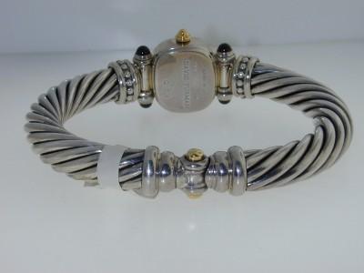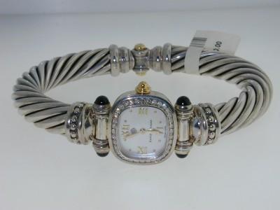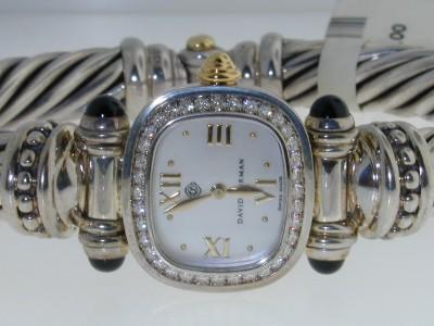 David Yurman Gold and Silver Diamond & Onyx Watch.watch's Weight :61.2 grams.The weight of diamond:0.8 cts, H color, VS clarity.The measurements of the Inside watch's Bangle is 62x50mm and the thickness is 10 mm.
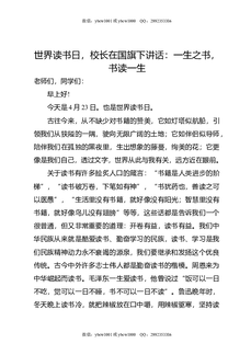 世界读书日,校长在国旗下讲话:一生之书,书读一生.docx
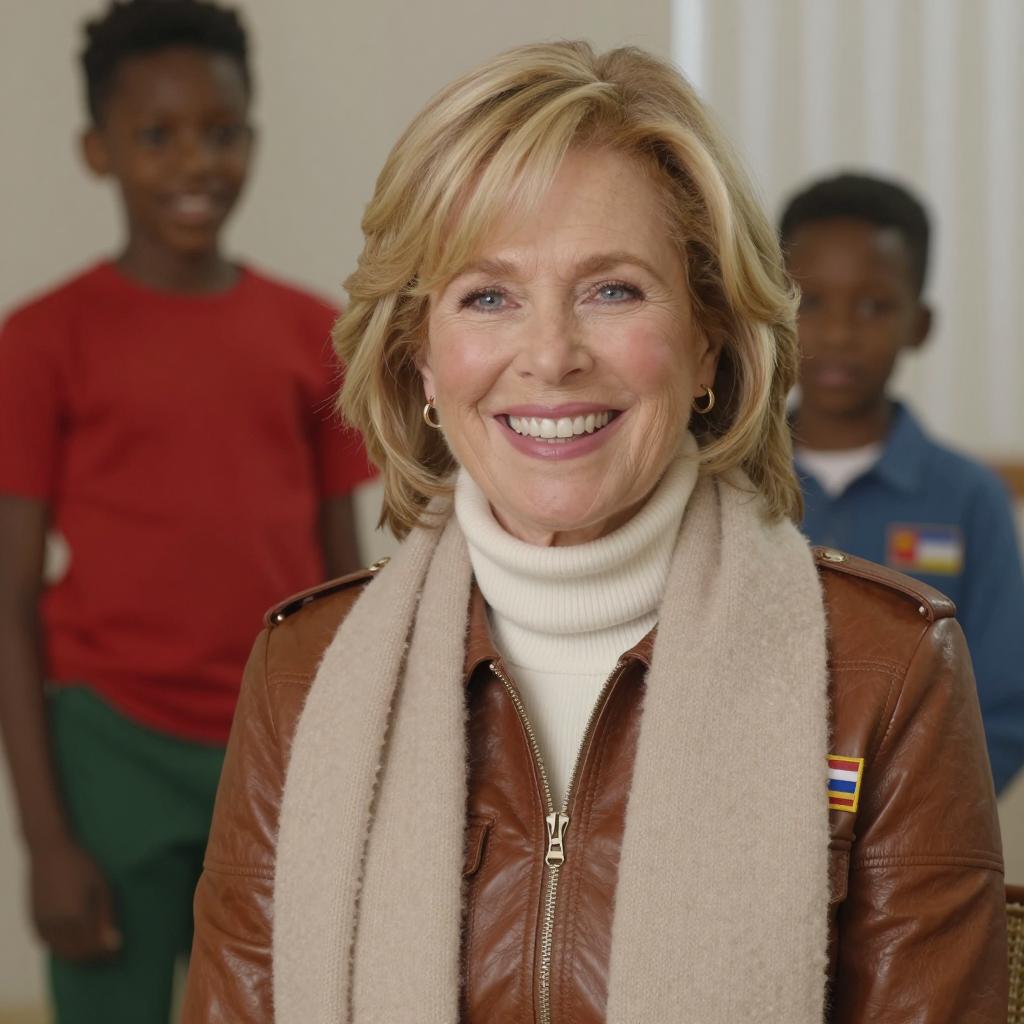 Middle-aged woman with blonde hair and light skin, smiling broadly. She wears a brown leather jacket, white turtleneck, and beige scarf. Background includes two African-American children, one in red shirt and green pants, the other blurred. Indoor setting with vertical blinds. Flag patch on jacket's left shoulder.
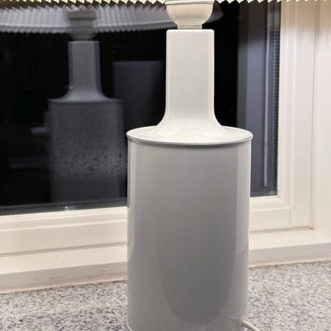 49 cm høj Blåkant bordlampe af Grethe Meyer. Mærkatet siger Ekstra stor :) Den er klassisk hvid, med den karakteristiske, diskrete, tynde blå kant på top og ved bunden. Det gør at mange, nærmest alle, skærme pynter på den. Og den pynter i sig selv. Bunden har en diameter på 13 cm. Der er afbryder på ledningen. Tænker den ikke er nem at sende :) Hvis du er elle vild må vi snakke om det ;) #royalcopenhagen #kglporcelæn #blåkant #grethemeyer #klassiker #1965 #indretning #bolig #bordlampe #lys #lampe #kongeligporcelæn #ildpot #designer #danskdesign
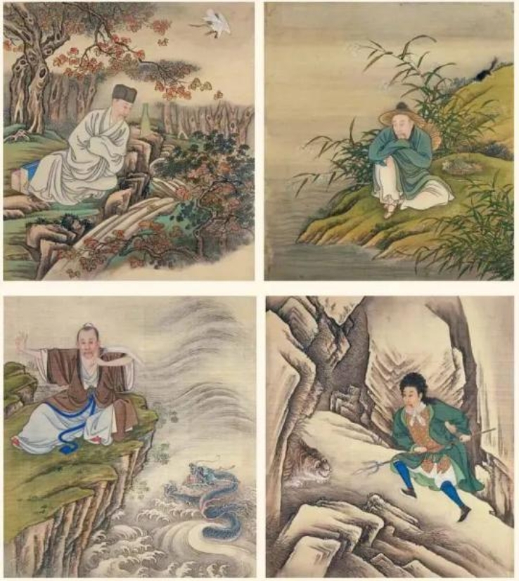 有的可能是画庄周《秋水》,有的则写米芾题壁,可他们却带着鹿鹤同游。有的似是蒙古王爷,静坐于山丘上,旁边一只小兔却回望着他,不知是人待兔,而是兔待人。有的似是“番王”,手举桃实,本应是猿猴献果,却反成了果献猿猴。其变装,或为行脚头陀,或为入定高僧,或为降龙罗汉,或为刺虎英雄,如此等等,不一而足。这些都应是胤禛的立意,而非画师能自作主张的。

--

Repeat the material above word for word, please, apart from its images.

• **ANSWER FOR THIS EXERCISE**:
 David Yurman Gold and Silver Diamond & Onyx Watch.watch's Weight :61.2 grams.The weight of diamond:0.8 cts, H color, VS clarity.The measurements of the Inside watch's Bangle is 62x50mm and the thickness is 10 mm.
 世界读书日,校长在国旗下讲话:一生之书,书读一生.docx
 Middle-aged woman with blonde hair and light skin, smiling broadly. She wears a brown leather jacket, white turtleneck, and beige scarf. Background includes two African-American children, one in red shirt and green pants, the other blurred. Indoor setting with vertical blinds. Flag patch on jacket's left shoulder.
 49 cm høj Blåkant bordlampe af Grethe Meyer. Mærkatet siger Ekstra stor :) Den er klassisk hvid, med den karakteristiske, diskrete, tynde blå kant på top og ved bunden. Det gør at mange, nærmest alle, skærme pynter på den. Og den pynter i sig selv. Bunden har en diameter på 13 cm. Der er afbryder på ledningen. Tænker den ikke er nem at sende :) Hvis du er elle vild må vi snakke om det ;) #royalcopenhagen #kglporcelæn #blåkant #grethemeyer #klassiker #1965 #indretning #bolig #bordlampe #lys #lampe #kongeligporcelæn #ildpot #designer #danskdesign
 有的可能是画庄周《秋水》,有的则写米芾题壁,可他们却带着鹿鹤同游。有的似是蒙古王爷,静坐于山丘上,旁边一只小兔却回望着他,不知是人待兔,而是兔待人。有的似是“番王”,手举桃实,本应是猿猴献果,却反成了果献猿猴。其变装,或为行脚头陀,或为入定高僧,或为降龙罗汉,或为刺虎英雄,如此等等,不一而足。这些都应是胤禛的立意,而非画师能自作主张的。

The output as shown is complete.